Maria Korolov | July 20, 2015
Big Data analytics helps companies process all this information, prioritize the most significant threats, and weed out random noise and false alerts.

This is especially the case when the malicious behavior is only slightly out of the norm for that account, and when the enterprise is large, and there are a lot of accounts to monitor.

"Hackers are using good user credentials as a way to infiltrate organizations and a lot of the products on the market right now would not catch that," said Eric Schou, director of product marketing for HP's enterprise security products groups.

To help with this, HP released a user behavior analytics product this spring at the RSA conference.

The technology can identify typical user behavior patterns in order to spot unusual behaviors, but can also be programmed with rules based on access policies for particular groups of employees.

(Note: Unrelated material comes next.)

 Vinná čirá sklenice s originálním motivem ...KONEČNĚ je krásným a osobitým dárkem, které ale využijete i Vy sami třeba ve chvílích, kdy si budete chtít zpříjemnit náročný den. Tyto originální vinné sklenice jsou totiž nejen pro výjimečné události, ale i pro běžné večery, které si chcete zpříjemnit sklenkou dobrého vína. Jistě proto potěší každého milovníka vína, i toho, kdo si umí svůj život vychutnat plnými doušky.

For example, he said, if a user from the marketing department is logging into Oracle Financials, that could be in violation of a policy and send up a red flag.

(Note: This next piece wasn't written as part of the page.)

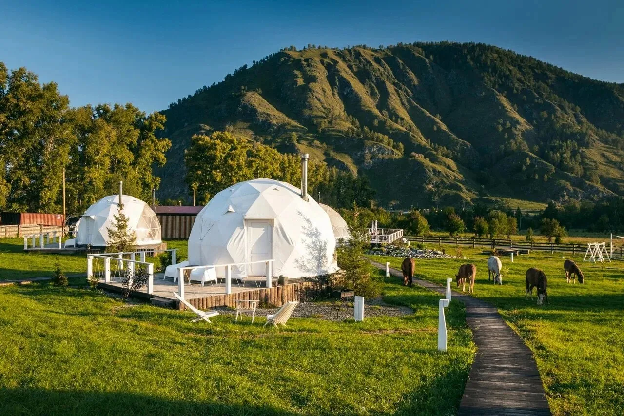 Алтай и геокуполы созданы друг для друга. Это идеальное и вместе с тем парадоксальное сочетание природы и футуризма, где похожие на половинки мячей домики рассыпаются по зелёным или белоснежным склонам, своими огромными окнами глядя на живописную долину реки Катунь. «Вдох» предлагает пятизвёздочный стандарт отдыха в месте, далеком от цивилизации. Учитывая разнообразие банных программ, отель вполне можно назвать алтайским спа-курортом: есть даже готовые оздоровительные туры на два или три дня. Каждый geo купол вмещает до трёх человек и располагает собственной открытой террасой.

He warned, however, that employees will often do unusual things for legitimate reasons. "It might just be behavior that's out of the norm, but not malicious."

It's not just people who can behave badly. Similar technology can be used to identify normal behaviors of individual endpoints, and recognize when they're doing something suspicious.

"Previous efforts in security analytics were unable to meaningfully represent the expected and normal behavior for connected endpoints," said Bryan Doerr, CEO at Observable Networks, one of the vendors offering this technology.

That challenge has only been getting harder, he added, as the number of endpoints has been growing along with the amount of data they generate that companies can now store.

"Our big idea was to use the data avalanche as inputs to a modeling process," he said. "We use all this rich data about endpoints to maintain models of their behavior, so that we can recognize when they do things they should not do."

This is all new territory, said Sriram Ramachandran, CEO at analytics vendor Niara.

"It has been a challenge to make the whole thing work seamlessly as a product," he said, and it's been holding back adoption.

"Getting all the information and putting it into elastic storage -- you can do that very quickly," he said. "If you Google Alan Turing, you will get millions of results. But the panel on the right, with the summary -- that requires machine learning."